*** Opening Entries shown ***

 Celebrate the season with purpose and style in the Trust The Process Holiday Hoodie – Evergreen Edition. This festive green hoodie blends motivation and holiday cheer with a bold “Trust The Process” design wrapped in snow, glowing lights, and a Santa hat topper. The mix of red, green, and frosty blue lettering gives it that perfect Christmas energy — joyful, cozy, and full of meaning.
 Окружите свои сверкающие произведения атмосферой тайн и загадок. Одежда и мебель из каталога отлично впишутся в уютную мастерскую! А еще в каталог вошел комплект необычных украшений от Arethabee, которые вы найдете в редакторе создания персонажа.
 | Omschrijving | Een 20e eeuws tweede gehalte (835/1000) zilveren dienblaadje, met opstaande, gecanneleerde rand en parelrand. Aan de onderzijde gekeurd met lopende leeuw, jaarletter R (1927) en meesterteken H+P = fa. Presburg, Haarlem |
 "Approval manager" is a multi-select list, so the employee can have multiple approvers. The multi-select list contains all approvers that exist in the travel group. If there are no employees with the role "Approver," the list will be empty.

*** Closing Entries shown ***
*** Opening Entries shown ***

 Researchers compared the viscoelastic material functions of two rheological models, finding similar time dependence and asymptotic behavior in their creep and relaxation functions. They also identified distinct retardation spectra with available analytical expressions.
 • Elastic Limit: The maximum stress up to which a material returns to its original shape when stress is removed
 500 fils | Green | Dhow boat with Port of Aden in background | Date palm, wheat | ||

*** Closing Entries shown ***
*** Opening Entries shown ***

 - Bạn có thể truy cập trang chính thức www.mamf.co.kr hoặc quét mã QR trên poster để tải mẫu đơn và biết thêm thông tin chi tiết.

*** Closing Entries shown ***

About this task: Which lines of the data include the word "material"? Copy each one.

Result for this task:
 Researchers compared the viscoelastic material functions of two rheological models, finding similar time dependence and asymptotic behavior in their creep and relaxation functions. They also identified distinct retardation spectra with available analytical expressions.
 • Elastic Limit: The maximum stress up to which a material returns to its original shape when stress is removed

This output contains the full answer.